The sequencing primers have arrived! iGEM sequencing primer (VF and VR) stock was made up to a concentration of 100µM by resuspension the stock solution in distilled water. These aquilots were diluted to match the concentration requirements of Bioscience at 3.2pml/µL. Following the arrival and preparation of primers, the plasmid DNA of our BioBricks to be sent for sequencing was prepared. The made DNA was packaged into separate eppendorfs to be sent off. Each eppendorf contained 6µL of the DNA (MB1-4 and BM(1-4) and was labelled accordingly. As there was a delay, these were unable to be sent off immediately and were frozen again until postage.

Day 5 (24/08/12)

Labs

Figure 2. Gel electrophoresis of Isolated plasmids of GFP, CFP, RFP BioBricks, single digested with PstI

Rachel carried out a gel purification (on both MB and BM fragments) using a Promega Wizard kit (Ref: A9281) as described in the lab protocol page. The purified samples were stored in the freezer.
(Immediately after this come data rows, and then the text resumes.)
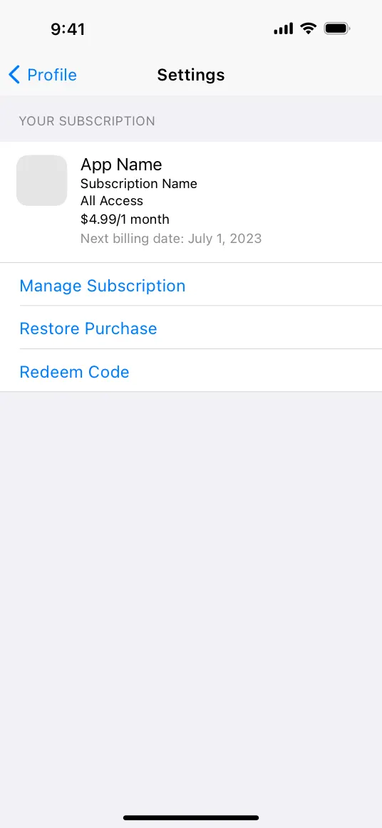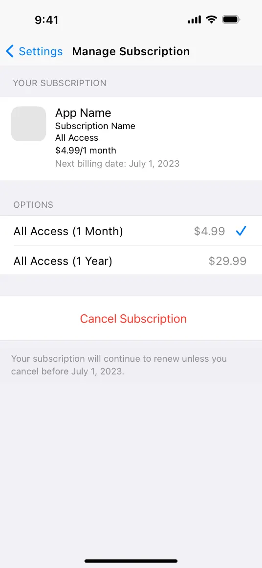 Supporting subscription management means people can upgrade, downgrade, or cancel a subscription without leaving your app. Offering subscription management within your app also gives you a natural place to provide help for common subscriber issues and present alternative offers for people to consider.
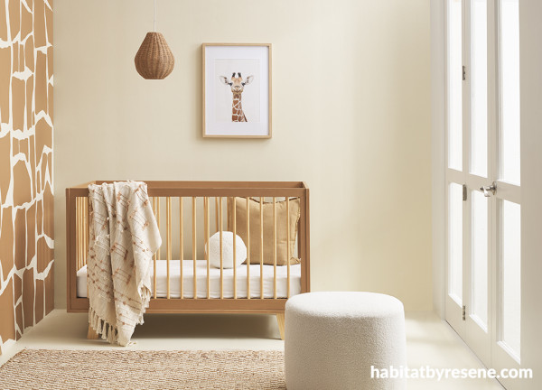 Before you start buying furniture and setting up the room, think about how you want your nursery to feel. Create a moodboard with colours, textures and materials that inspire you. As an example, we’ve gone for a playful yet stylish ‘savannah theme’ using a giraffe pattern, natural materials like wood, rattan and linen, alongside warm neutrals like Resene Spanish White, Resene Double Spanish White, Resene Canterbury Clay and Resene Brown Sugar. These neutral hues suit any gender and also work well as a space that grows with your child. A simple, adaptable palette now, means fewer makeovers later!
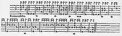 Термин впервые встречается в 1546 году в виуэльном сборнике испанского композитора Алонсо Мударры (Mudarra), где словом «романеска» названы вариации на чрезвычайно популярное в тогдашней Испании вильянсико Guárdame las vacas[1] (также в сборниках инструментальной музыки Л. Нарваэса, А. де Кабесона и многих других). Словом «Romanescha» названа анонимная пьеса (табулатура) в сборнике П. Фалеза «Carminum pro testudine liber IV» («Музыка для струнных инструментов. Книга 4»), опубликованном в том же 1546 году[2]. В Италии аналогичного рода композиции засвидетельствованы в сборниках лютневой и клавирной музыки Антонио ди Бекки (1568), Антонио Валенте (1576) и многих других старопечатных нотных сборниках, в рукописях Винченцо Галилея[3].
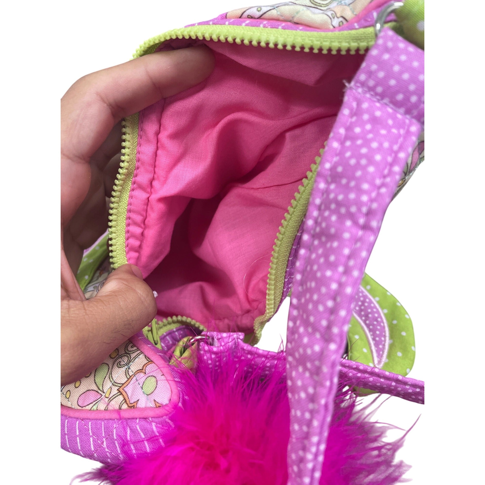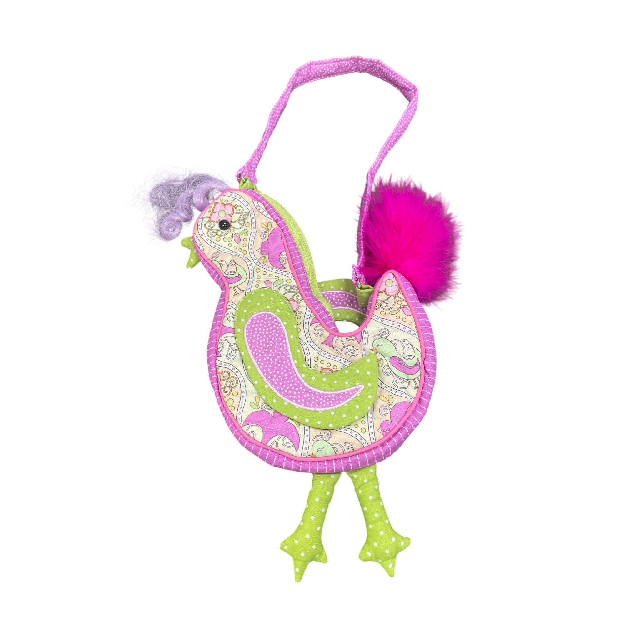 Colorful Bird-Shaped Kids Purse With Pink Strap Soft Fabric Decorative Feather & Zipper Closure
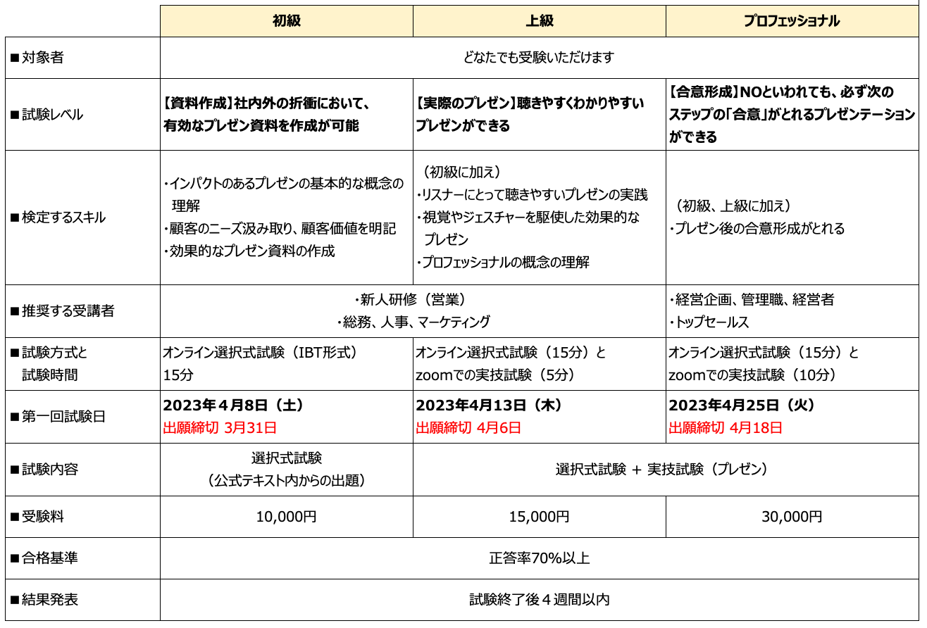 ビジネスプレゼン検定試験概要
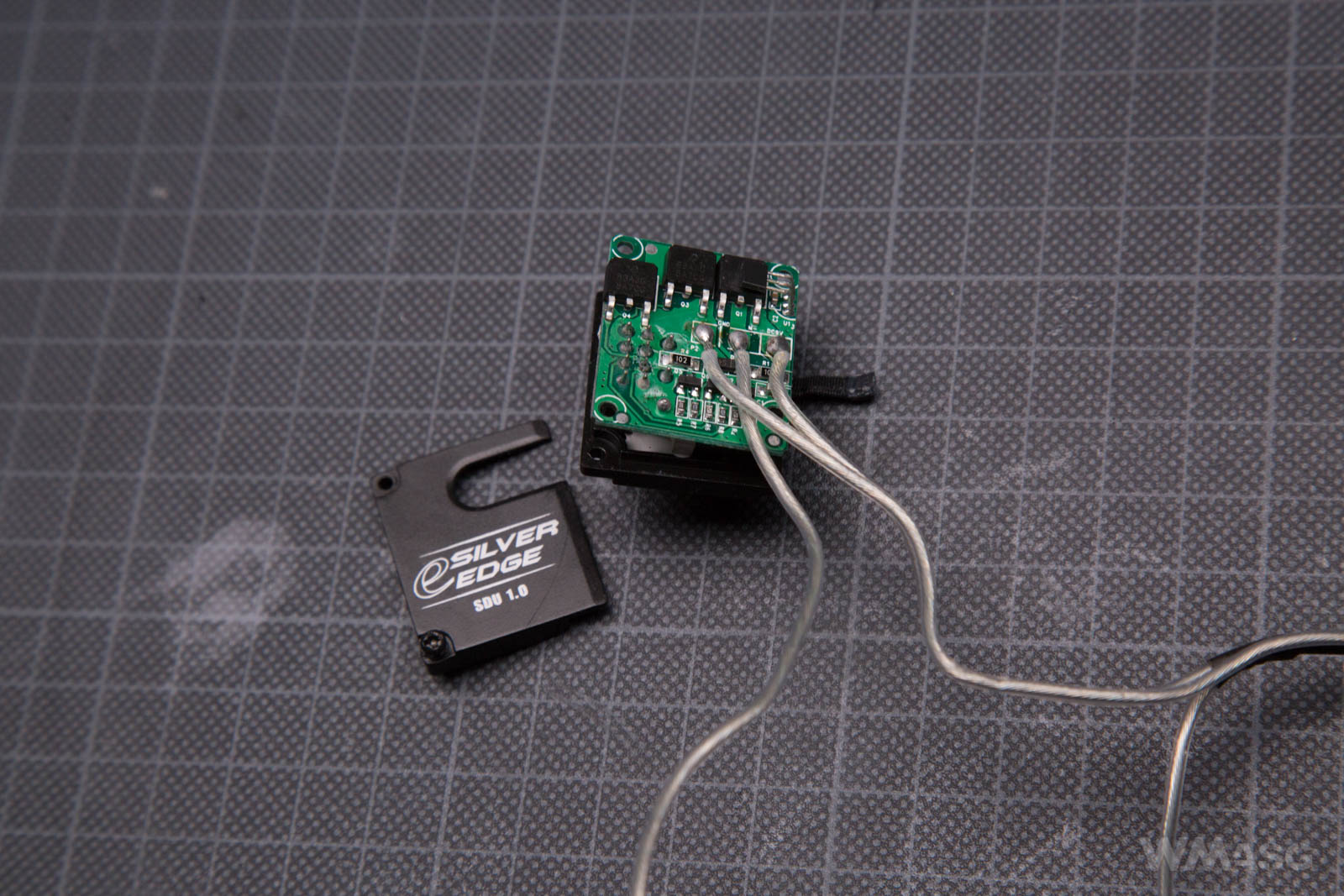 A disassembled selector plate seen from the other side. The yellow arrow shows another Hall sensor, the red one shows a magnet glued to the board. The movement of the plate and the magnet over the sensor results in switching between the SEMI and AUTO modes (Pain and Hell :)). External wiring channels are also visible. Thanks to this solution, the gear on the motor shaft has no chance of damaging the insulation of the wires, which sometimes happens in the traditional solution.
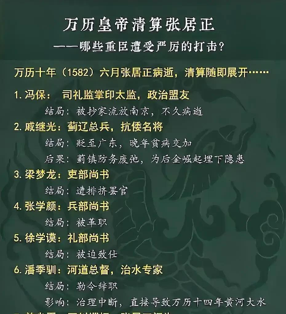 万历清算张居正时,有哪些重臣受到牵连? 1582年张居正辞世之后,万历皇帝旋即开展清算行动。张居正有三位重要的助力者,在清算过程中,他们及其相关人员均受到牵连。 冯保乃是张居正的重要盟友,承担着内廷与外廷之间沟通的职责。张居正故去之后,冯保被万历皇帝以“欺君蠹国”的罪名,谪贬到南京守陵,其家产也被抄没。 戚继光和张居正的关系十分紧密,在张居正的支持下,戚继光在军事方面取得诸多功绩。张居正倒台之后,戚继光被调往广东,而后又被罢官归乡,最终在穷困潦倒中离世。 此外,像曾省吾、王篆等人,他们作为张居正改革的支持者,在清算行动中也被革职。这场清算使得张居正改革的成果严重受损,明朝也丧失了继续走向振兴的契机。
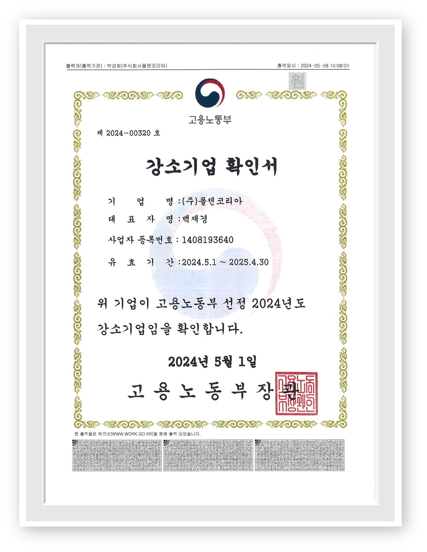 Folzen Korea has been selected as a 'strong and small enterprise' by the Ministry of Employment and Labor in 2024.
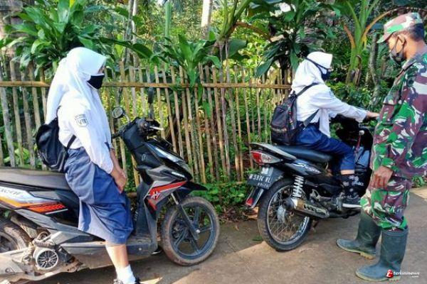 Saat melihat Rani (14) Susi (15)Siswi SMP yang pulang dari sekolah Salah satu Satgas TMMD Regular ke 110 Kodim 0714/ Salatiga langsung menghampiri untuk sekedar bertanya tentang metode Daring.

Rebecca transformed BioBrick BBa_K561002 (PFDHF +RFP + TETR) into Bioline Alpha Select Gold Standard cells following the transformation protocol as seen on the lab protocol page. The negative control was simple, untransformed alpha cells. The samples were plated onto agar plates containing chloramphenicol at 25µg/ml.

Khadija nanodropped miniprepped plasmid BioBrick samples of BBa_K206009 (GFP), BBa_E0420 (CFP) and BBa_K081014 (RFP). As several morphologically different colonies had grown an several plates, the samples of these cells were stored in labeled epppendorfs. In total there were 4 different plasmid isolations of CFP, RFP and GFP. These were shown to have high concentrations of DNA ranging from 165ng/µL to 332 ng/µL. Following a nanodrop, two restriction digests were carried out to validate the DNA. One cut at the brick insert at the suffix/prefix, the other digested at a specific restriction site within the backbone. As BBa_K206009 is found in pSB1AK3, there is a HinIII site and BBa_K081014 is in pSB1C3 and contains an EcoRV site. BBa_E0420 contains many restriction sites, but none that can be cut by enzymes that we had in stock. Therefore, a second validation restriction digest was not carried out on this BioBrick. The protocol involved 1µL DNA, 2µL buffer, 0.2µL BSA, 0.5µL of restriction enzyme and 16.3 µL of distilled water. Buffer H was used in the digests with EcoR1, Buffer B for HindIII and Buffer D for EcoRV. These completed digestions were stored in the freezer after 2 and a half hours of digestion ('Figure 2.)